Seperti yang diketahui insiden tersebut telah menghanguskan Kantor Bupati, kerusakan Kantor DPRD Kabupaten Pohuwato, bangunan kantor hingga Ruma Dinas oleh masa aksi yang tergabung dalam Forum persatuan ahli waris IUP OP 316 dan ahli waris penambang Pohuwato.
Tidak hanya itu, insiden tersebut juga turut dialami oleh salah satu anggota Jurnalis saat melakukan peliputan lapangan mendapat tindakan anarkis dari salah satu araparat Polri saat melakukan pengamanan di lapangan.
Sikap anarkis dari oknum Polri tersebut telah terekam melelui video Livestreaming yang tersebar di media sosial terlihat aksi aparat mengenakan kaos berwarna hitam dan topi diduga oknum Polisi melakukan upaya intimidasi dengan cara merampasan alat kerja wartawan di lapangan dan menanyakan identitas wartawan tersebut.
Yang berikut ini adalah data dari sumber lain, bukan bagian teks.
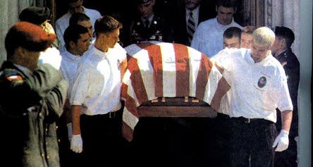 Annie back from war being laid to rest. The lush summer blossoms of their

Sontak rekan-rekan wartawan di sekitar langsung memberi tahu bahwa orang tersebut adalah wartawan yang sedang meliput dibantu oleh aparat kepolisian yang menggunakan seragam.
Dari insiden ini, Persatuan Wartawan Indonesi (PWI) Provinsi Gorontalo meminta agar pihak penegak hukum untuk tidak melakukan intimidasi terhadap kerja-kerja wartawan di lapangan.
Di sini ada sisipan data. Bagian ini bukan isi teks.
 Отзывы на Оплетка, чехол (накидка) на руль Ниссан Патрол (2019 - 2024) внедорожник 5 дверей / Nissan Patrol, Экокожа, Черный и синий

Wakil Ketua Bidang Advokasi dan Pembelaan Wartawan PWI Gorontalo, Andi Arifuddin mengingatkan agar dalam kasus demonstrasi yang terjadi di Pohuwato aparat jangan melakukan upaya represif terhadap wartawan yang sedang bertugas. Sebab setiap wartawan dengan identitas yang lengkap tidak bisa dihalangi kerja-kerja jurnalistiknya, karena dilindungi oleh undang-undang.
“Ini jelas sebagaimana amanat Pasal 18 UU 40 Tahun 1999 Tentang Pers. Tidak boleh siapapun baik individu, organisasi, aparat termasuk TNI/Polri, individu atau siapapun tidak boleh menghalang-halangi kerja jurnalis untuk memperoleh informasi,” ujar Andi Arifuddin.
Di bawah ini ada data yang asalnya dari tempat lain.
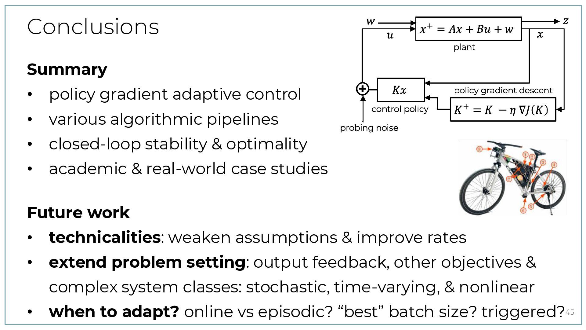 + 𝑇𝑟(𝐾𝑇𝑅𝐾Σ Annual Review of Control, Robotics , and AutonomousSys tems Toward aT heoretical Foundation of Policy Optimization for Learning Control Policies Bin Hu,1 Kaiqing Zhang,2,3 Na Li,4 Mehran Mesbahi,5 Maryam Fazel,6 and Tamer Ba¸ sar1 1Coordinated Science Laboratory and Department of Electrical and Computer Engineering, University of Illinois Urbana-Champaign, Urbana, Illinois, USA; email: binhu7@ illinois.edu, basar1@ illinois.edu 2Laboratory for Information and Decision Systems and Computer Science and Artif cial Intelligence Laboratory, Massachusetts Institute of Technology, Cambridge, Massachusetts, USA 3Current aff liation: Department of Electrical and Computer Engineering and Institute for Systems Research, University of Maryland, College Park, Maryland, USA; email: kaiqing@ umd.edu 4School of Engineering and Applied Sciences, Harvard University, Cambridge, Massachusetts, USA; email: nali@ seas.harvard.edu 5Department of Aeronautics and Astronautics, University of Washington, Seattle, Washington, USA; email: mesbahi@ uw.edu 6Department of Electrical and Computer Engineering, University of Washington, Seattle, Washington, USA; email: mfazel@ uw.edu Annu. Rev. Control Robot. Auton. Syst. 2023. 6:123–58 T he Annual Review of Control, Robotics , and AutonomousSystemsisonline at control.annualreviews.org https://doi.org/10.1146/annurev-control-042920- 020021 Copyright © 2023 by the author(s). T his work is licensed under aCreative Commons Attribution 4.0 International License, which permits unrestricted use, distribution, and reproduction in any medium, provided the original author and source are credited. See credit lines of images or other third-party material in this article for license information. Keywords policy optimization, reinforcement learning, feedback control synthesis Abstract Gradient-based methodshave been widely used for system design and opti- mization in diverse application domains. Recently, there hasbeen arenewed interest in studying theoretical propertiesof thesemethodsin thecontext of control and reinforcement learning. T hisarticle surveyssome of the recent developments on policy optimization, a gradient-based iterative approach for feedback control synthesis that hasbeen popularized by successesof re- inforcement learning. We take an interdisciplinary perspective in our expo- sition that connects control theory, reinforcement learning, and large-scale Fact: For initial 𝐾0 stabilizing & small 𝜂, gradient descent 𝐾+ = 𝐾 − 𝜂 ∇𝐽 𝐾 converges linearly to 𝐾∗. where Σ = 𝐼 + 𝐴 + 𝐵𝐾 Σ 𝐴 + 𝐵𝐾 𝑇 Algorithm: model-based adaptive control via policy gradient 1. data collection: refresh (𝑋0 , 𝑈0 , 𝑋1 ) 2. identification of 𝐵, መ 𝐴 via recursive LS 3. policy gradient: 𝐾+ = 𝐾 − 𝜂 ∇𝐽 𝐾 using estimates 𝐵, መ 𝐴 & closed-loop Gramians Σ, 𝑃 actuate & repeat 19

Ia menyebut upaya menghalang-halangi peliputan, khususnya yang disertai dengan ancaman bisa terjerat pidana. Di dalam UU 40 tahun 99 bagi pelaku yang menghalangi kerja jurnalistik diancam dua tahun atau denda Rp500 juta, jadi ini serius. Belum lagi jika hal itu sudah menjurus ke tindak pidana penganiayaan.
“Kami tentu berduka atas kejadian yang terjadi di Pohuwato. Namun kami berharap agar para pihak untuk senantiasa melindungi fungsi pers dalam mengawal demokrasi dan kebebasan pers,” paparnya.
Terakhir Andi mengingatkan agar seluruh wartawan yang melakukan peliputan di lokasi yang rawan kericuhan agar dapat bekerja berdasarkan kode etik jurnalistik serta melengkapi diri dengan identitas yang jelas.
“Paling penting juga dapat menjaga etika, ketika dalam kondisi yang chaos, segala kemungkinan bisa terjadi. Untuk itu rekan-rekan tetap berhati-hati serta melengkapi diri dengan identitas yang jelas. Dan jangan lupa untuk melakukan komunikasi dua arah, sehingga tidak menjadi korban kekerasan saat meliput,” tandasnya.